Pure Rust; deps are wifi-densepose-core + wifi-densepose-signal (default-features off) + serde/uuid. No GPU / no system BLAS in the calibration path → builds cleanly on aarch64.

---

6. Appliance integration plan (cognitum-one/v0-appliance)

Verified on cognitum-v0: aarch64, cargo 1.96.0, Hailo HAILO10H, ruview-vitals-worker:50054.

Step 1 — vendor / depend on the crate. Add wifi-densepose-calibration (path or published crate) to the appliance workspace. It builds natively on aarch64 — no BLAS/GPU, and no ONNX/OpenSSL: the CLI's mat→nn→ort(ONNX)→openssl-sys chain is now feature-gated out of the calibration build.

# Pi/appliance calibration binary — cross-compiles clean (no ort/openssl):
cargo build -p wifi-densepose-cli --no-default-features --release
#   (omit `--no-default-features` only if you also need the MAT subcommands)

Verified: cargo tree -p wifi-densepose-cli --no-default-features shows 0 ort/openssl-sys deps; cross test --target aarch64-unknown-linux-gnu passes the calibration suite under qemu.

Step 2 — wire the CSI source. Two options:

• (a) Tee the ESP32 UDP stream the vitals worker already receives into the calibration ingest, or
• (b) point ESP32 nodes (edge_tier=0) at the appliance's calibration UDP port directly. Reuse parse_csi_packet (or the rvCSI CsiFrame schema if you normalise upstream).

Step 3 — run the calibration service. Either embed the crate (call CalibrationRecorder / MixtureOfSpecialists in-process from a worker like ruview-vitals-worker), or run the calibrate-serve binary as a sidecar (systemd unit, bind 127.0.0.1 + reverse-proxy through the appliance gateway on :9000). Persist baselines/banks under the appliance data dir, keyed by room_id.
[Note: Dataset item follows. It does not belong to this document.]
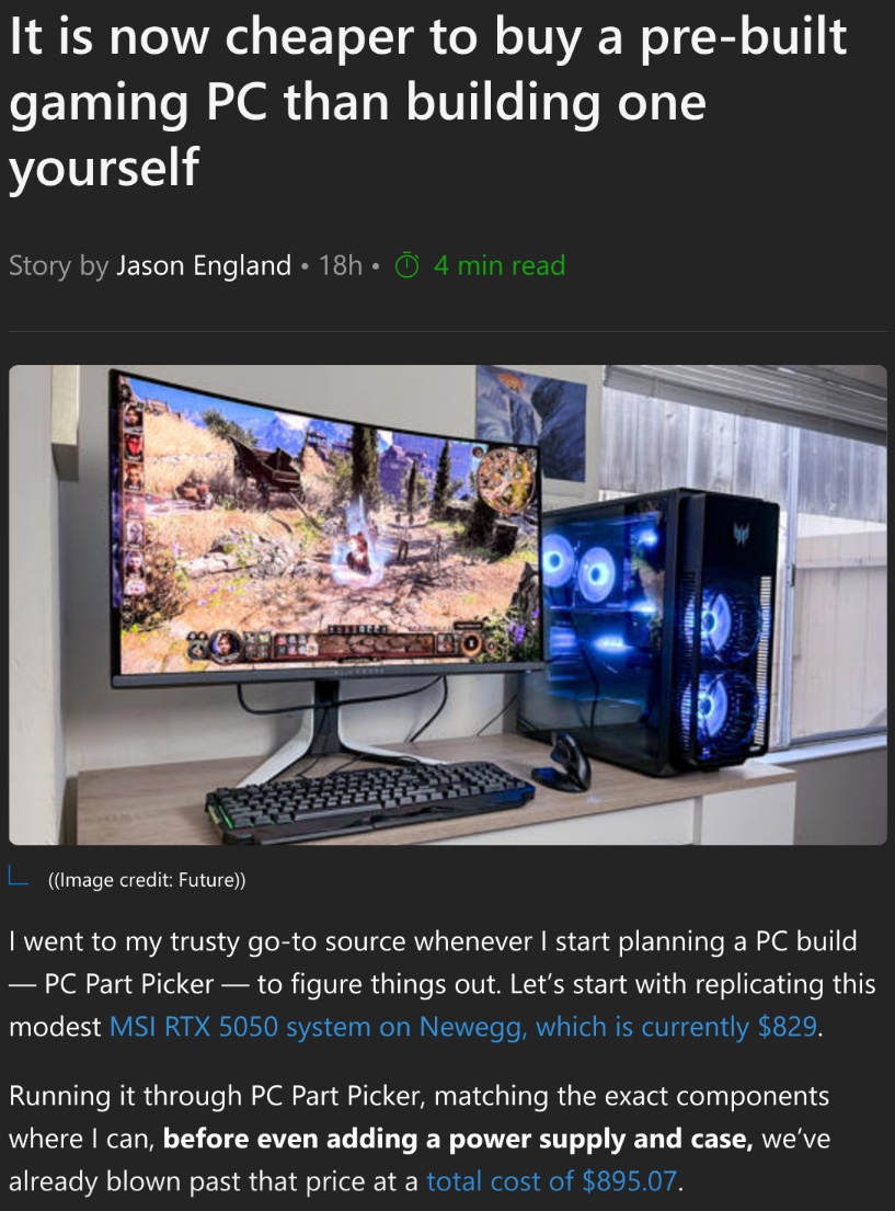 >>727667297>nowFucking retard article. Genuinely fucking retard idiot that only looks at Dell or their favorite ecelebs rip off company.A prebuilt is generally 100-200 cheaper than buying individual parts.

Step 4 — expose to the dashboard. Surface the /api/v1/calibration/* endpoints (and add enroll/train/room-state endpoints — small additive work) behind the appliance's bearer-token auth + the existing Seeds/Edge nav. RoomState (§3.5) is the live readout payload.

Step 5 — (optional) Hailo backbone tier. Compile the ADR-150 RF Foundation Encoder + neural pose head to Hailo HEF, serve via ruvector-hailo-worker:50051; the small specialists become heads over its embedding. This is the ADR-150 follow-on — not required for the calibration service to run.

Privacy / security: keep baselines + banks local; if federating across appliances (ADR-105), exchange bank/model deltas, never raw CSI. Hardening already in place:

• --token <T> (or CALIBRATE_TOKEN env) requires Authorization: Bearer <T> on every route; the server warns loudly if bound to a non-loopback address without a token.
• room_id is sanitized to [A-Za-z0-9_-] (≤64 chars) before it touches the baseline write path — no ../ / absolute-path traversal.
• CORS is permissive for dev — in production bind to loopback and reverse-proxy through the appliance gateway (which already enforces bearer auth).

---

7. Status & validation

• Implemented: all 5 stages + multistatic fusion; CLI + Stage-1 HTTP API (auth + path-traversal hardened). 55 tests (35 calibration unit + 1 full-loop integration + 19 CLI), all passing under qemu-aarch64.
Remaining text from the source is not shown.